逆境バネに奔走するトヨタの自負、有事の時こそ「国家」「社会」のために 他

1月5日 トヨタのCEOでもあり、日本自動車工業会の会長でもある豊田章男氏は、昨年末(12/17)に同会の会長として日本が2050年までに達成を目指す「カーボンニュートラル」について次のように述べている。「自工会として全力で貢献するが、国のエネルギー政策に手を打たないと、モノづくりを残し、雇用を増やし、税金を納める自動車業界のビジネスモデルは成り立たなくなる」。気になる言葉だ。EVの生産規模拡大を図る各社にとって、質の高いリチウムイオンバッテリーの確保(資源確保とライフサイクルの負荷低減)、バッテリーを動かす電力(電力システムとの連携)と給電インフラ(利便性の確保)の確保は「カーボンニュートラル」達成のための根幹を成す課題だ。電力中央研究所による「電中研ニュース(No.433)」によれば、仮にPHEV(プラグインハイブリッド車)が、2000年の日本の全登録車両と同数の8,000万台普及した場合、その充電に必要な電力は96km電気走行可能なPHEV(PHEV96)で年間793億kWhになると試算されている。
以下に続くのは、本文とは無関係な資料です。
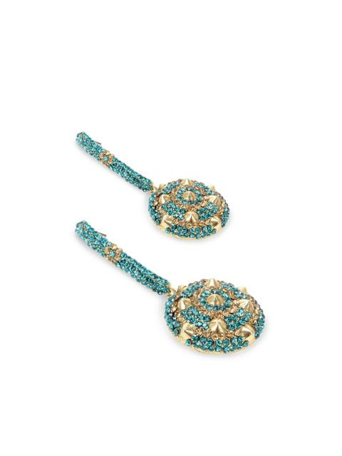Inspired from India's rich jewel history, this pair of earrings from royal diadem is sure to become a love-forever statement piece in your jewellery box. Style this with matching ethnic suits or saris or wear it with a monochrome ensemble for an interesting fusion vibe. This piece is guaranteed to give your look an instant boho edge (if it's a Western outfit) or a refined polish (if paired with ethnic wear)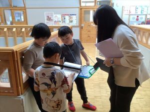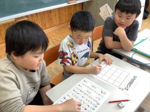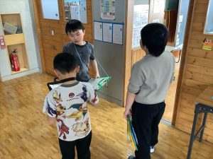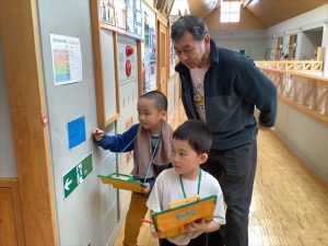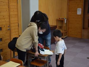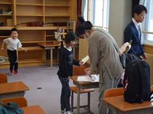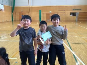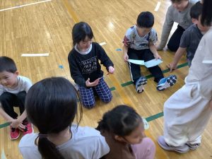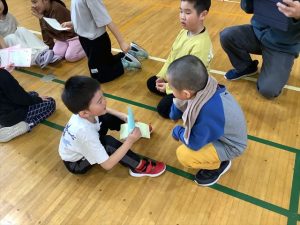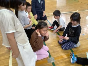 1月30日(金)、来年入学する新一年生を迎えて体験入学及び説明会を実施しました。新入学児童は3名で、とても元気いっぱいの子どもたちでした。控え室だった音楽室に1・2年生の子どもたちがお迎えに来てくれ、嬉しそうに低学年教室へ向かいました。保護者の方々が入学へ向けた説明を聞いている時間に、体験学習を行いました。まず、低学年教室の席についてお兄さんとお姉さんと一緒にひらがなビンゴをするため、グループに分かれて学校の中のひらがなを探しました。最後にレンジでチンというオニごっこをし、体育館を元気いっぱいに走り回っていました。体験入学を終えて音楽室に戻ってきた3名の子どもたちは、お父さんお母さんのところへかけより、体験してきたことを嬉しそうに教えていました。4月に新入生の皆さんが、入学してくるのを楽しみにしています。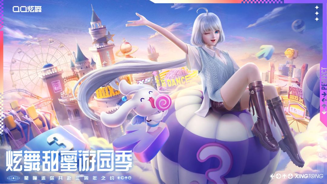 随着3月14日白色情人节的到来,《QQ炫舞手游》迎来了三周年全新版本——甜蜜游园季。三周年庆来临之际,为了感激玩家们的一路陪伴,炫舞不仅开放了全新的地图和玩法,还发放了超级丰富的三周年福利。除此以外,星瞳也为大家送上了情人节礼物——大热单曲《情人》的全新翻跳视频! 据悉,今年《QQ炫舞》还将与中国四大名绣展开联动,带领玩家一同感受非遗文化的魅力。 看点一:首个跨服社区上线,四大乐园玩法升级 在本次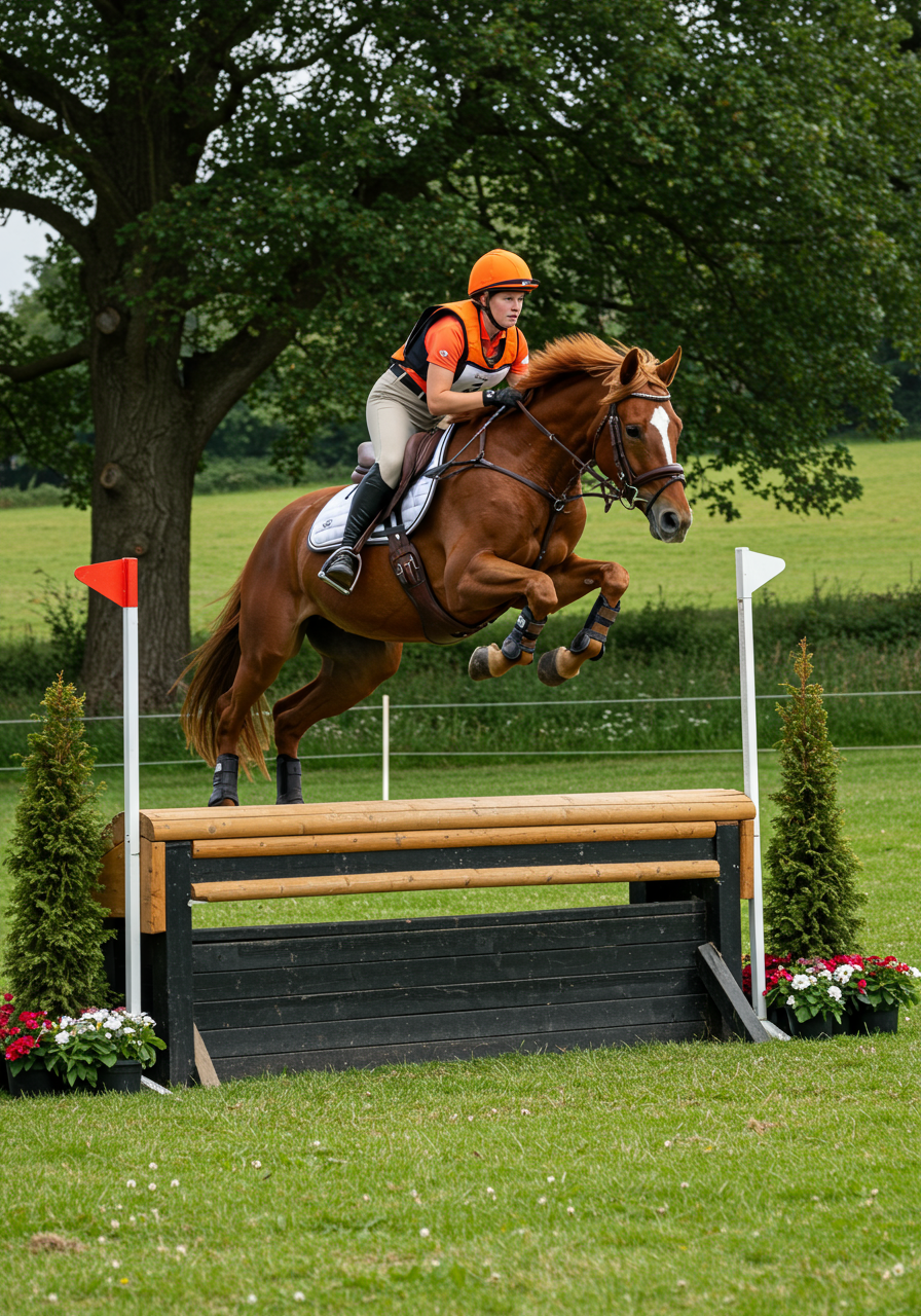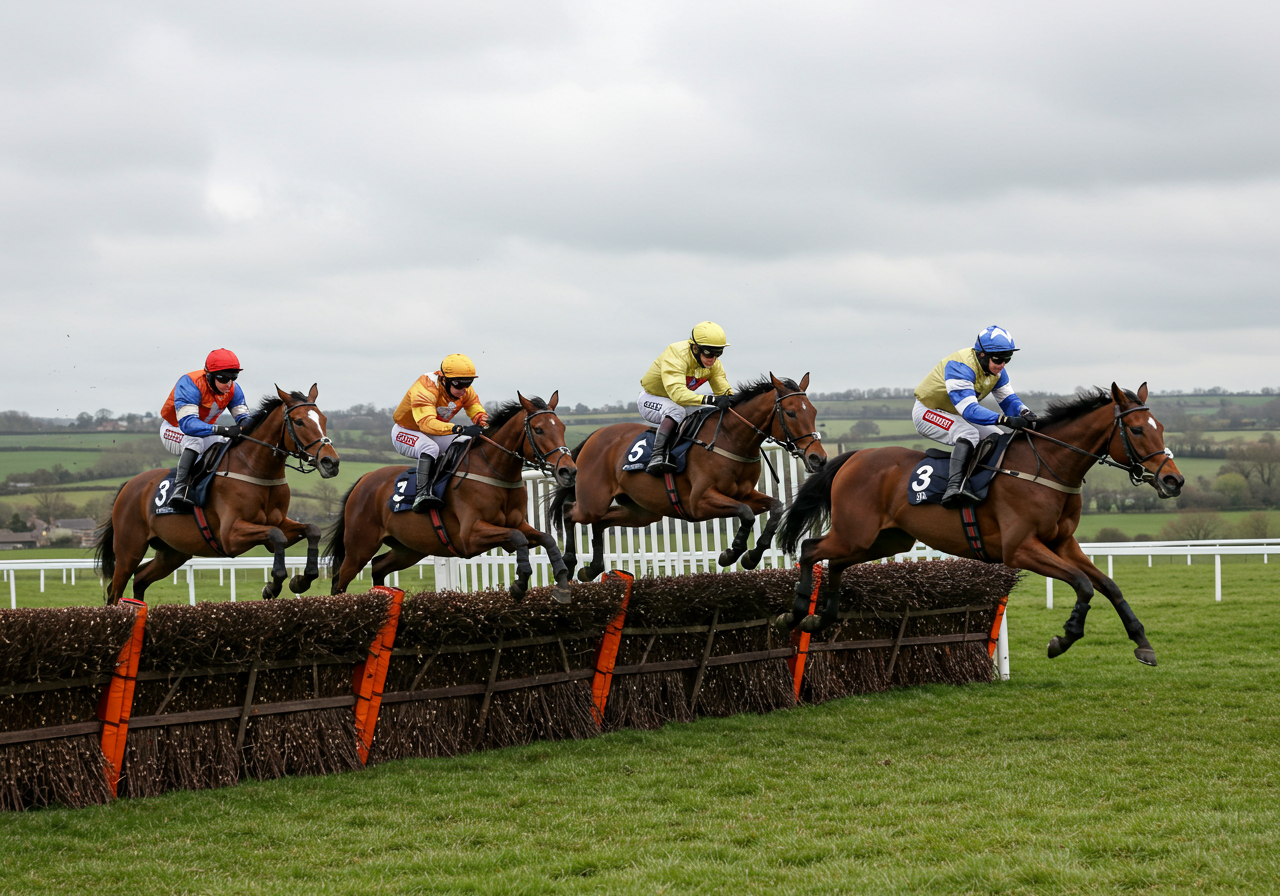 Steeplechase courses have pre-determined routes and distances – usually somewhere between 2 and 4 miles – with grass or turf surfaces and various types of fence and ditch obstacles: water jumps, timber rails (wooden posts and rails) and brush fences, for instance. In the U.S., most obstacles, popularly known by the term “National Fences,” consist of a steel frame stuffed with plastic “brush” and a foam-rubber roll covered with green canvas, on the near side of the jump. These official National Fences are shipped from race to race ahead of time so that they are standard, race to race. No matter what part of the world the race is run or what type of obstacles are placed on the route, however, the same obstacles are used for all racers in any particular race.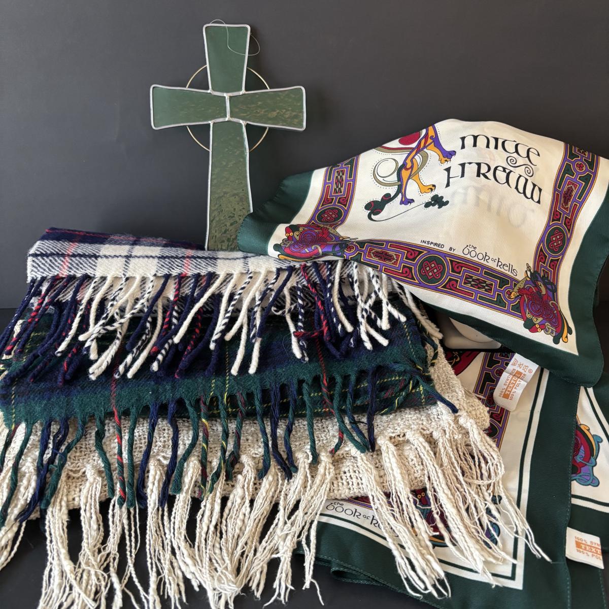 LOT 92: Made in Ireland Collection & More: Anoca Handweavers, Foxford and Mucros Wool Scarves, Stained Glass Cross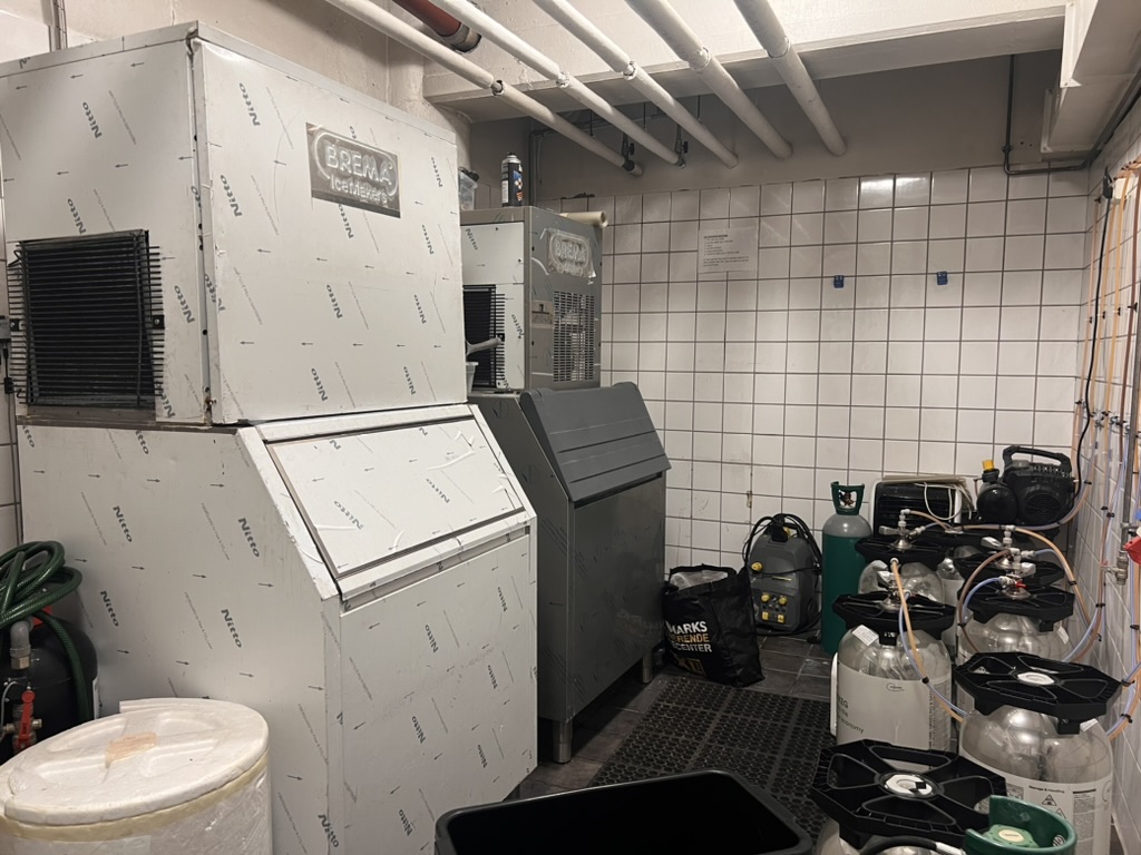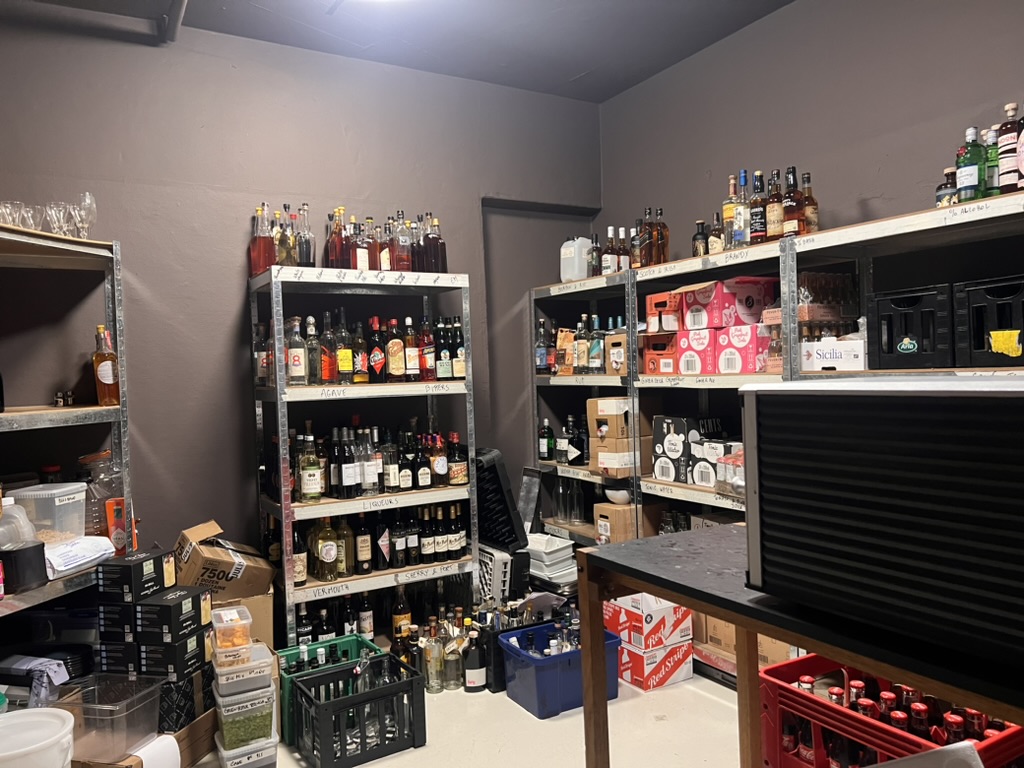 I kælderen er der et større kontor med plads til spiritus opbevaring og der er et lagerlokale samt tilstødende lokale med ismaskiner og emballage opbevaring og direkte udgang til parkeringskælderen. Her er ligeledes plads til, at etablere garderobe område.

ちなみに約8,000万台にPHEV96が普及した場合、必要となる電力量年間793億kWhをすべてLNG火力で供給した場合、CO₂削減量は約0.6億トンで、これは2000年の自動車からの総排出量(2.6億トン)の23%に相当する。かような効果を得るには、国のエネルギー政策が重要だ。国は「カーボンニュートラル」の実現に向け、電化の促進、電源の脱炭素化が鍵となる中、再生エネルギーの最大限の導入を図ろうとしている。自然条件により変動する出力への対応、再エネ適地から需要地に送電するための送電網整備、電源脱落等の緊急時の安定性の維持、自然・社会制約がある中での案件形成、国民負担の抑制など、なすべき課題は多い。